My daughter married a guy who has alienated us from her. It started out slowly, but has escalated to the point where it is such a chore to even talk to her on the phone once a week without his constant childish interruptions. They live approximately 5 1/2 hours from us. I just recently stopped speaking to her because she is bringing up what a “horrible childhood” she had. I asked her why this is coming up now, when she has not even lived at home for the past 15 years? This guy has poisoned her against me, but then again, I am on to his BS. I am accused of being a “negative person” by her. It is because I point out his crap to her and he does not like it. I guess I will just be there when she finally figures out that she married a big fat, pompous jerk! He thinks that he is an authority on every subject. His mother is also heavily invested in their marriage (she bought their baby a $2,000 nursery). She is a teacher and he is an engineer, so I think that they are fully capable of buying their own things. Also, she is always buying, buying, buying them things. I could go on and on, but I am going to just write her off for now until she comes to her senses.
Good Dad from Texas:
There are cases where the parent was deprived of the children, who had been secreted away by the offending parent and the grandparents. In a $53 MILLION dollar jury verdict, upheld on appeal, the appellate court further awarded guardian ad litem fees ($150,000) and costs for appeal ($25,000). Smith v. Smith, 720 S.W.2d 586 (TexCtApp 1986).

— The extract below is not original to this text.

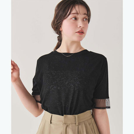 ・袖口のシアー切替がポイント。さりげない肌見せで女性らしさが高まるカットソートップス
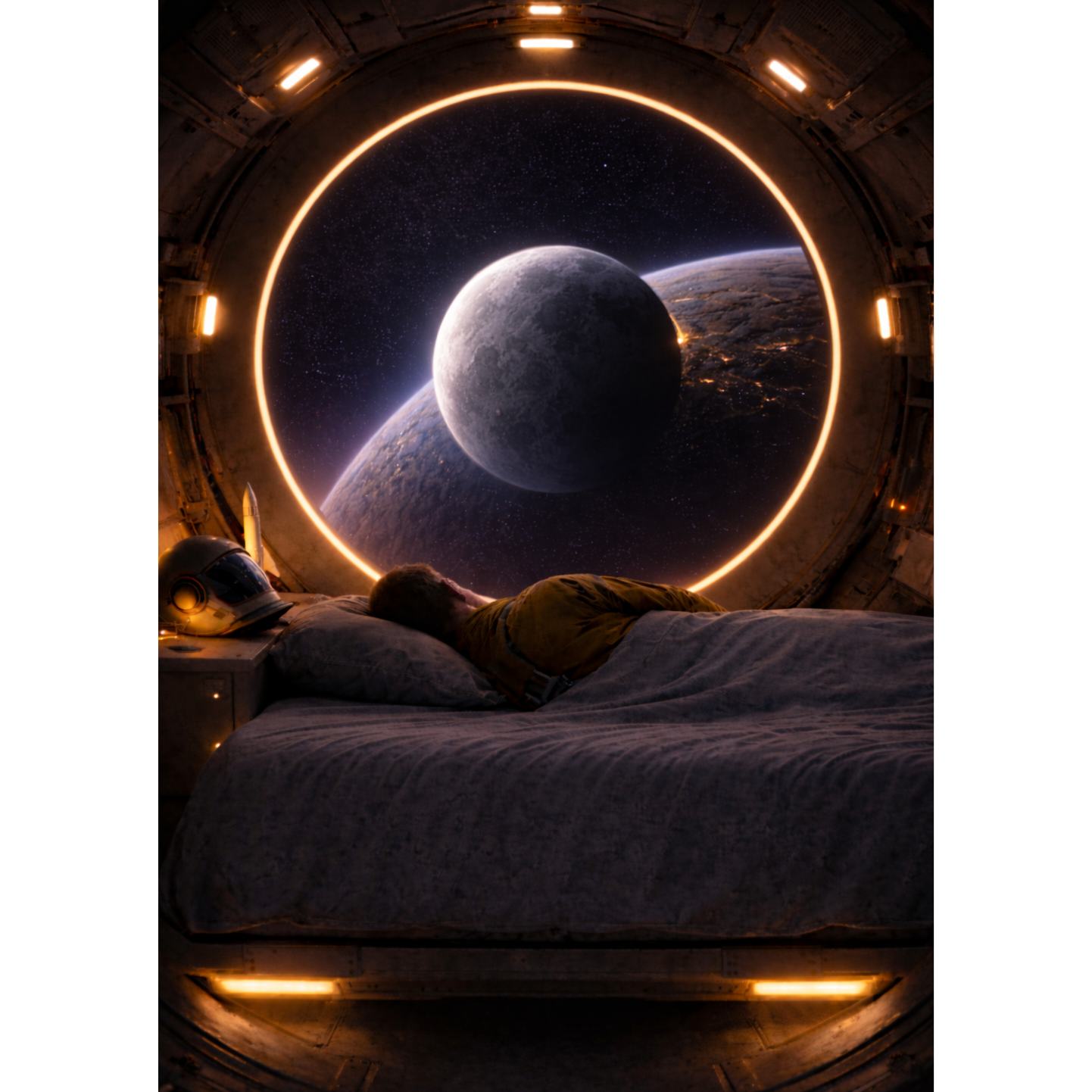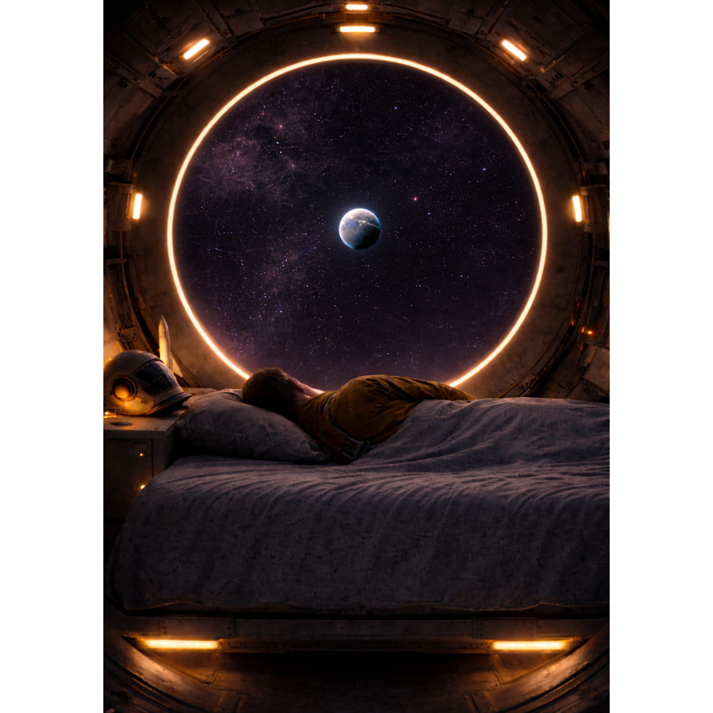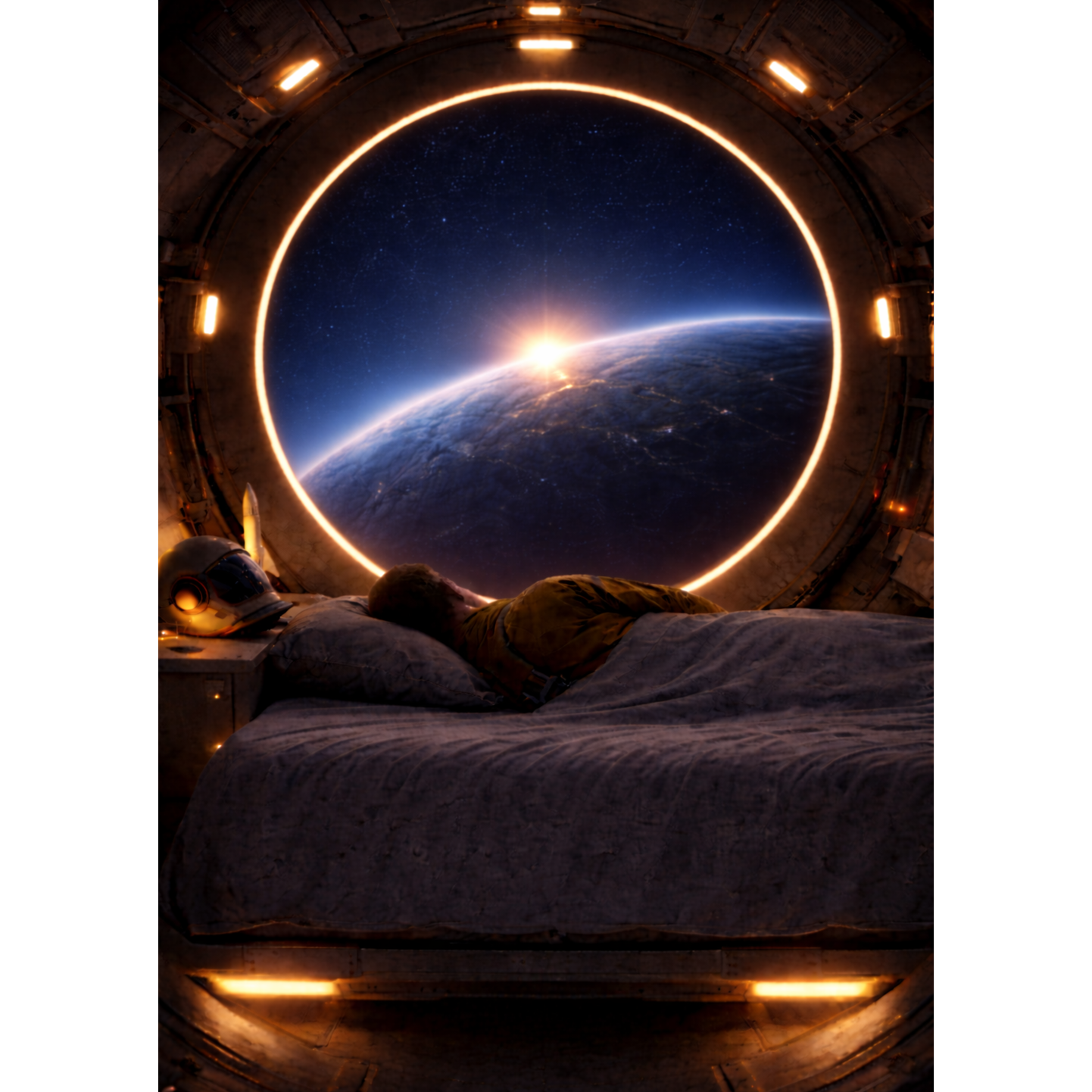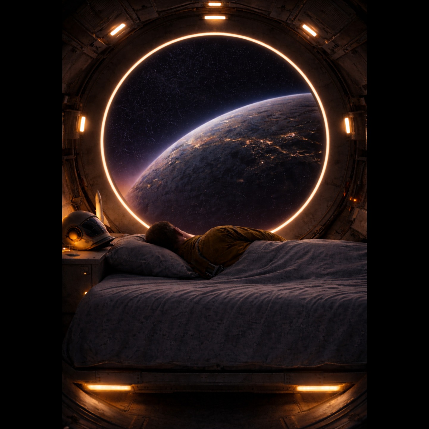 Atmospheric ambient sleep music with a futuristic space feel, Warm evolving analog synth pads with slow movement, gentle 55–60 BPM soft electronic pulse with rounded low transients, subtle brushed percussion texture, 3–4 note repeating melodic motif on a warm synthetic bell with long reverb and soft delay, deep gentle sub bass drone, calming alpha binaural tone drifting from 9 Hz toward 8 Hz, low dynamic range, smooth transitions, immersive orbital atmosphere, subtle spacecraft hum, intimate and grounded, relaxing but still awake, no sharp hits or dramatic builds

Large jury verdicts continue to be rendered against family members who assist in child snatching with the snatching parent. A San Antonio, Texas jury awarded almost $6 MILLION dollars. The jury award was for negligent interference with custody & family relationship and for negligent infliction of emotional distress. Weirich v. Weirich, No. 53-M-1985 (Tex. Dec. 5, 1988), reported in 9 Law Alert 18 (Dec. 1989).
Dadzrites can be contacted at [email protected], or 973-616-9558 (M-F, 10-5 EST).
@Katie
Dear Katie,
your story could be mine. I was married for 34 years and after a year of marriage counc. I was told to leave that my husband had a narcissistic personality disorder. I left, but in the process lost 2 of my 3 children and 5 grandchildren. My exfather-in-law and ex-husband have completely alienated my children by saying that I am a liar and other terrible things. It worked as I have not seen them for 3 years. I could just clip and paste your message here and that would be me, I rocked and sang to my children, they were my number 1 priority, They are gone. I have been in therapy and was told to go on, but all I have ever wanted to be was a mother and grandmother. How do you go on? How do I get my children back?